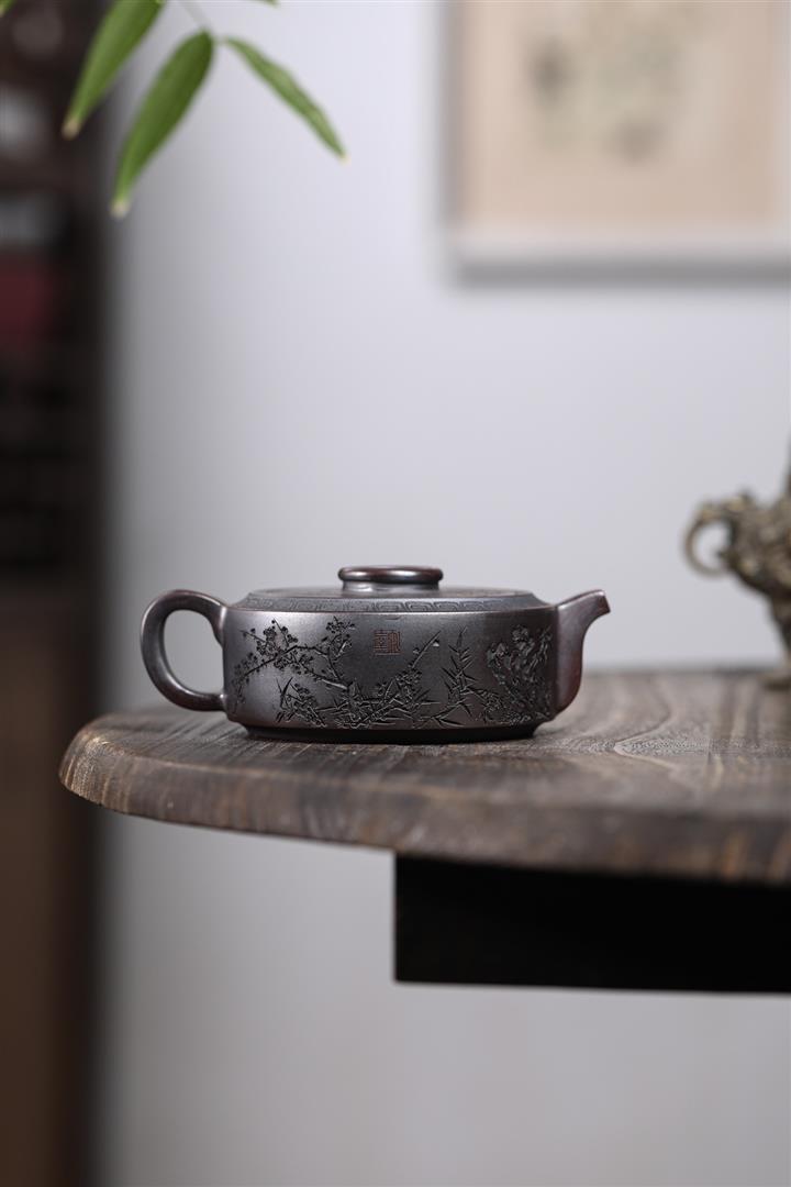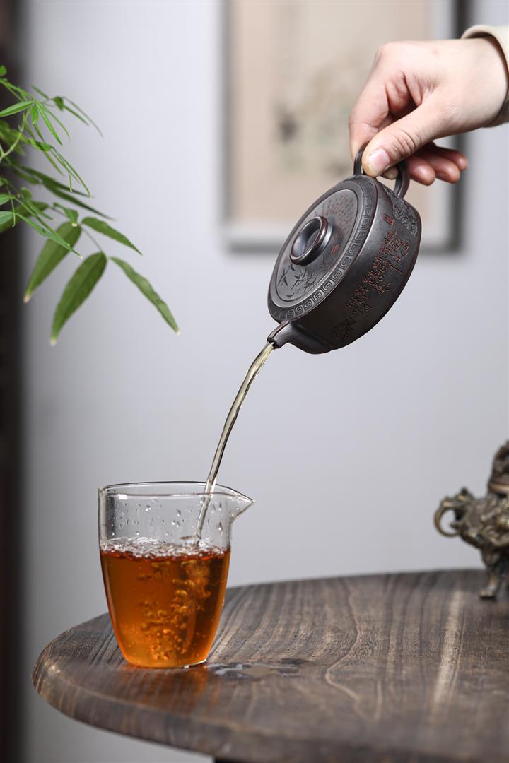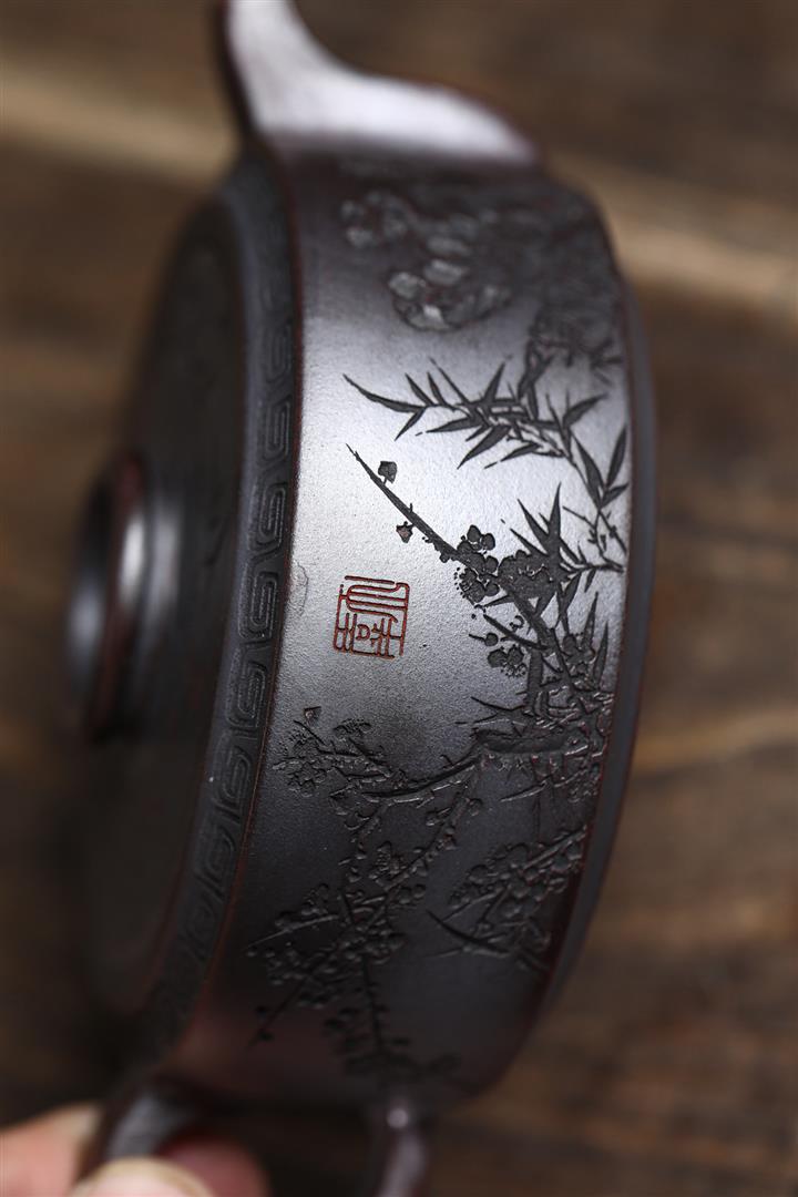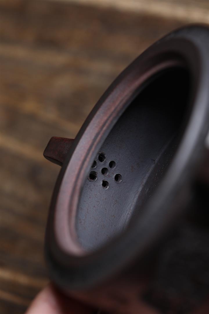 【泥料特點】砂土氣重,似淳實農民,日久使用,漸露鋒芒,養成變化,溫潤莊重。紫砂是壹種雙重氣孔結構的多孔性材質,氣孔微細,密度高。用紫砂壺沏茶,不失原味,且香不渙散,得茶之真香真味。紫砂使用越久,壺身色澤越發光亮照人,氣韻溫雅。紫砂壺長久使用器身會因撫摸擦拭,變得越發溫潤光澤。
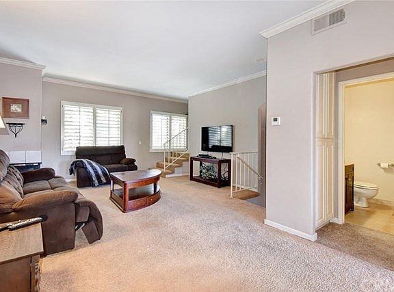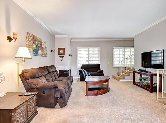 Beautiful curb appeal with tropical landscaping in the front of complex. Custom plantation shutters and earth tone carpet throughout. Spacious Living room with corner wood or gas burning fireplace. Crown mouldings thru-out! Dining Room with slider leading to outdoor private patio. Gourmet kitchen with beautiful white cabinets, pantry, gas range, oven, microwave, dishwasher & plenty of counter space. Double door entry to Large Master Suite with wall to wall mirrored wardrobe doors. Lounge area, crown molding & luxurious bath with dual sinks and separate oval tub and shower. Second Master Suite with elegant bath, walk-in wardrobe closet, and private patio retreat . Huge 2 car Attached garage with direct access. Separate laundry room that includes washer and dryer. Stroll to local parks, shopping, restaurants. Top rated Los Alamitos Schools just minutes away.
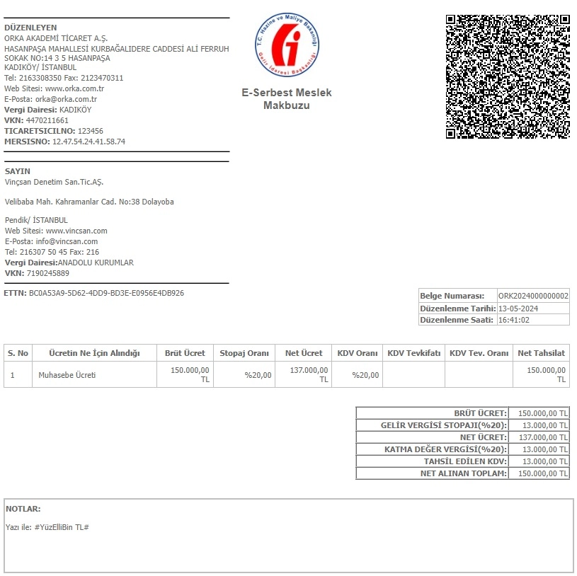 E-Serbest Meslek Makbuzu’nda Yer Alması Gereken Bilgiler
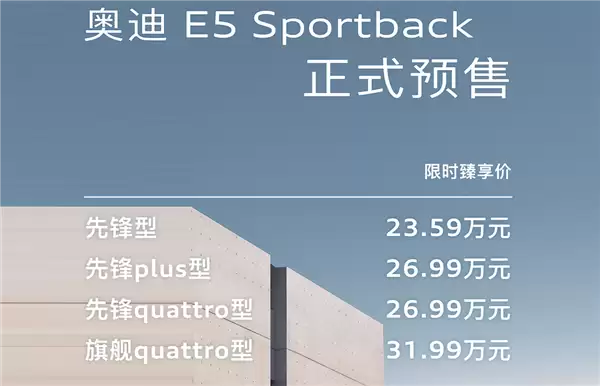8月18日消息,今晚,上汽奥迪旗下全新中型纯电车AUDI E5 Sportback开启预售,共推出4款配置,预售价区间为23.59-31.99万元。
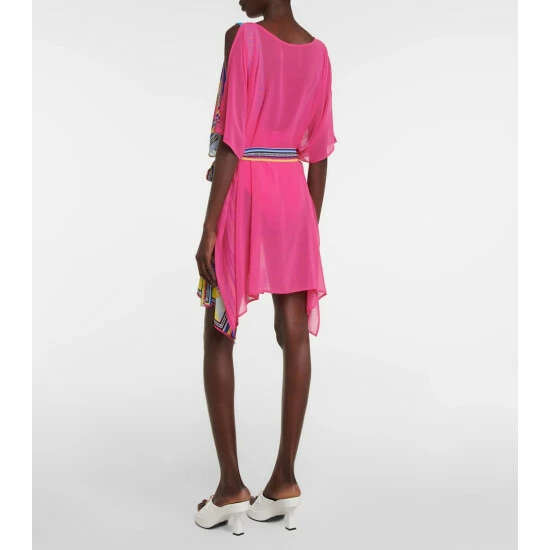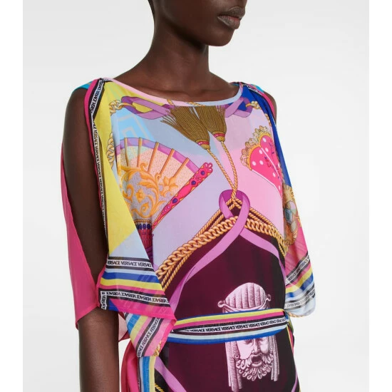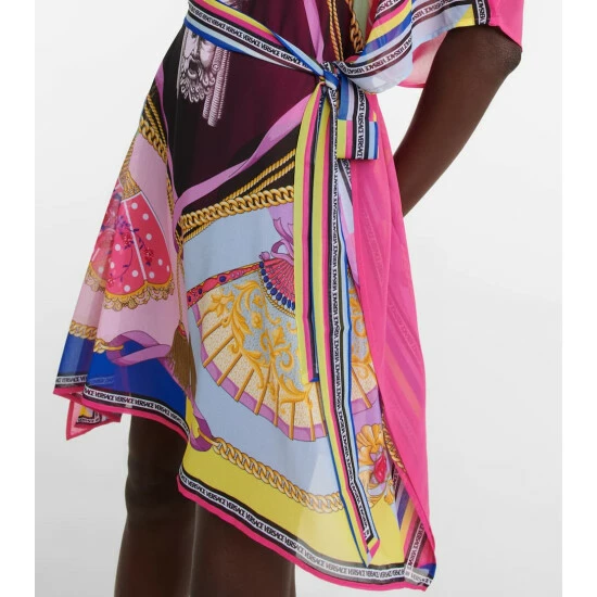 This kaftan from Versace is printed with the label’s iconic print. The flowing design has a boatneck and a self-tie waist.
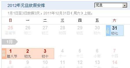 1月1日至3日放假3天,2011年12月31日(周六)上班。
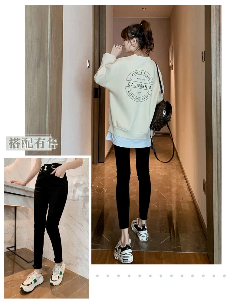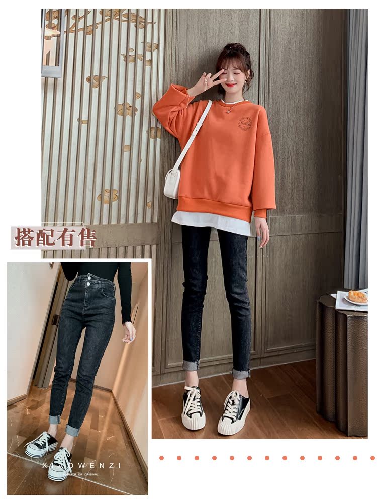 2019秋裝時尚chic假兩件拼接套頭衛衣女韓版寬松中長款上衣潮1入
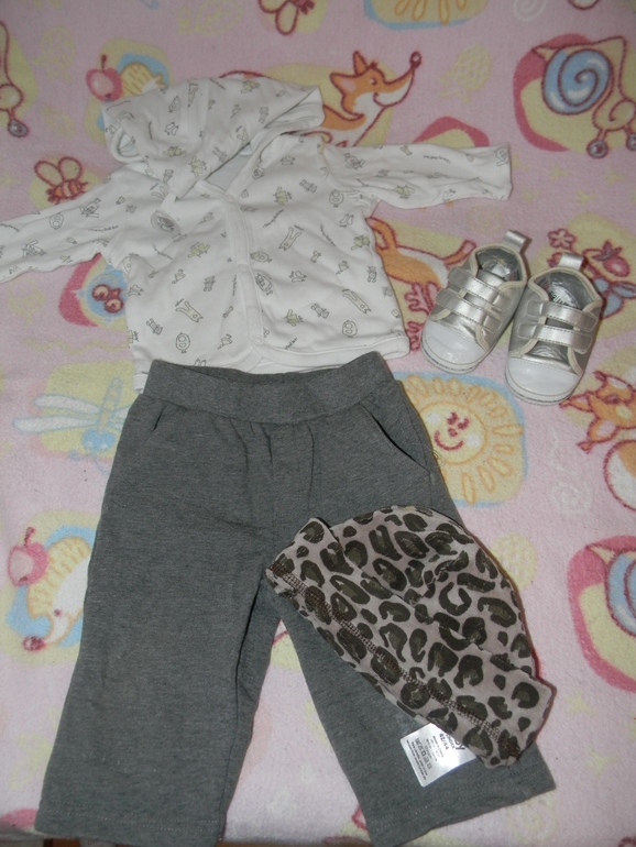 Комплект брюки+толстовка+шапочка(Линдекс)+мягкие кеды(Marks & Spencer).За все 400руб.Или по отдельности.Примерно на 6-9мес.
---------------
**Task objective:**
Only the pictures are to be dropped; all other material above must be repeated exactly.

**Written solution:**
 【泥料特點】砂土氣重,似淳實農民,日久使用,漸露鋒芒,養成變化,溫潤莊重。紫砂是壹種雙重氣孔結構的多孔性材質,氣孔微細,密度高。用紫砂壺沏茶,不失原味,且香不渙散,得茶之真香真味。紫砂使用越久,壺身色澤越發光亮照人,氣韻溫雅。紫砂壺長久使用器身會因撫摸擦拭,變得越發溫潤光澤。
 Beautiful curb appeal with tropical landscaping in the front of complex. Custom plantation shutters and earth tone carpet throughout. Spacious Living room with corner wood or gas burning fireplace. Crown mouldings thru-out! Dining Room with slider leading to outdoor private patio. Gourmet kitchen with beautiful white cabinets, pantry, gas range, oven, microwave, dishwasher & plenty of counter space. Double door entry to Large Master Suite with wall to wall mirrored wardrobe doors. Lounge area, crown molding & luxurious bath with dual sinks and separate oval tub and shower. Second Master Suite with elegant bath, walk-in wardrobe closet, and private patio retreat . Huge 2 car Attached garage with direct access. Separate laundry room that includes washer and dryer. Stroll to local parks, shopping, restaurants. Top rated Los Alamitos Schools just minutes away.
 E-Serbest Meslek Makbuzu’nda Yer Alması Gereken Bilgiler
8月18日消息,今晚,上汽奥迪旗下全新中型纯电车AUDI E5 Sportback开启预售,共推出4款配置,预售价区间为23.59-31.99万元。
 This kaftan from Versace is printed with the label’s iconic print. The flowing design has a boatneck and a self-tie waist.
 1月1日至3日放假3天,2011年12月31日(周六)上班。
 2019秋裝時尚chic假兩件拼接套頭衛衣女韓版寬松中長款上衣潮1入
 Комплект брюки+толстовка+шапочка(Линдекс)+мягкие кеды(Marks & Spencer).За все 400руб.Или по отдельности.Примерно на 6-9мес.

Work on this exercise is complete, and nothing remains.